In a series of Supporters in Focus pieces, The British Wills and Probate Awards 2021 interviewed Barry Mattock.
Alongside headline sponsor Executor Solutions we look forward to recognising achievement, highlighting progression and championing innovation.
However, the awards couldn’t take place without the hard task of judging and shortlisting the entries. It’s not a task many would take on, but we are extremely grateful to those that have.
This week we profile Barry Mattock, a new judge for the British Wills and Probate Awards.
We’re delighted to have Barry Mattock with us for the fourth year of The British Wills & Probate Awards. First of all, tell us who you are and what you do:
My name is Barry Mattock. I am the Group Managing Director for Executor Solutions, a property specialist company working with executors, and others involved in probate property – both legal professionals and private executors.

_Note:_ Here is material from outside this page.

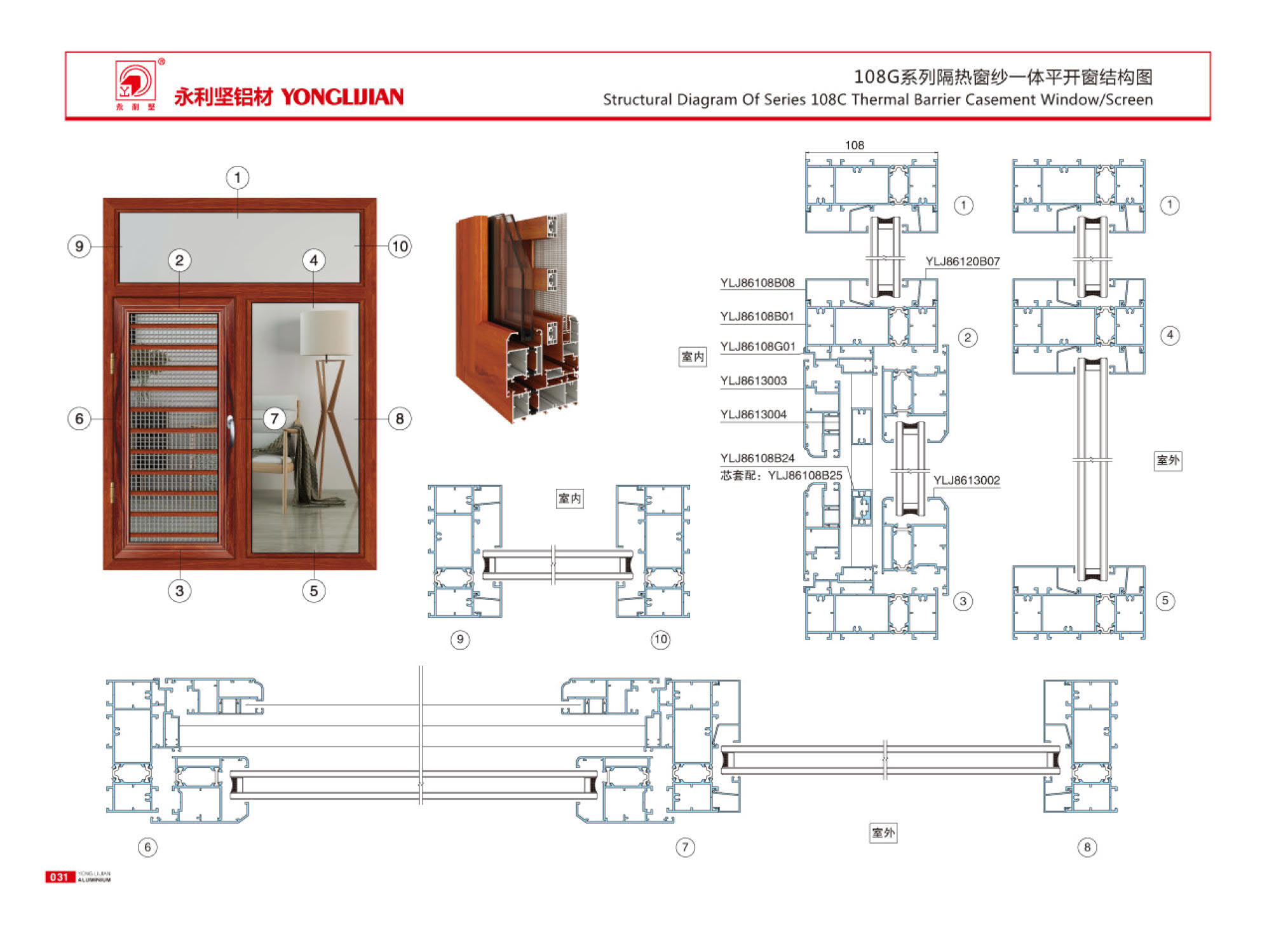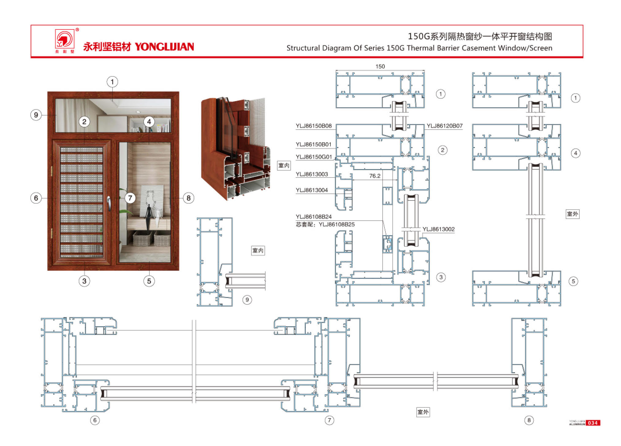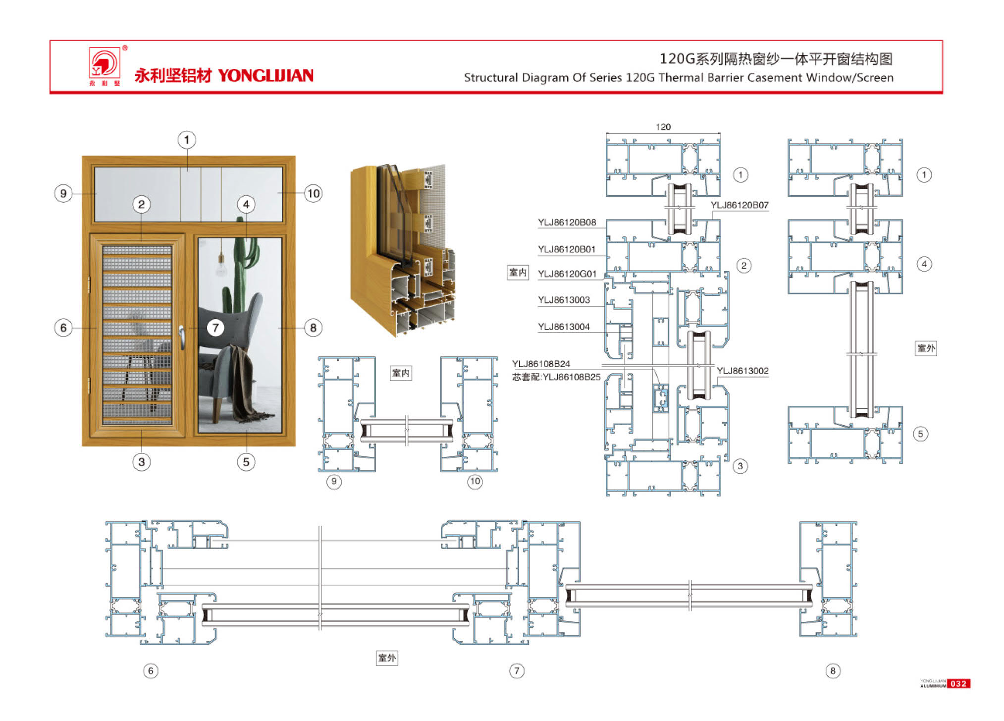 108G, 120G, 130G, 150G series insulated window screen integrated casement window series

We provide services to help manage probate property; HMRC compliant property valuations, a range of services to protect and maintain, market and sell properties.
We work closely with clients saving valuable fee-earning time for professionals and saving money for an estate.
What initially sparked your interest in the sector?
Executor Solutions (ES) has its origins in conversations with legal colleagues struggling to sell stubborn property.
At that time, we were busy working with housebuilders up and down the UK, national brands and regional developers, helping to reserve plots and sell their dependent buyer’s homes. We had become property specialists, with teams of experts at each stage of the process driving the sale and completion of a property, in times typically half of the national average.
A solicitor well known to us, struggling to sell a probate home, touched on how much time it took to manage a probate property; managing the condition of an unoccupied property, the expectations of the estate, releasing funds, valuing and selling a property and asked us to help sell it, which we did, and in quick time.
They and their clients were thrilled and so were we! … which got us thinking … how could we help busy solicitors and executors to manage, value and sell property in a way that saves fee earning time and presents a cost saving to the estate.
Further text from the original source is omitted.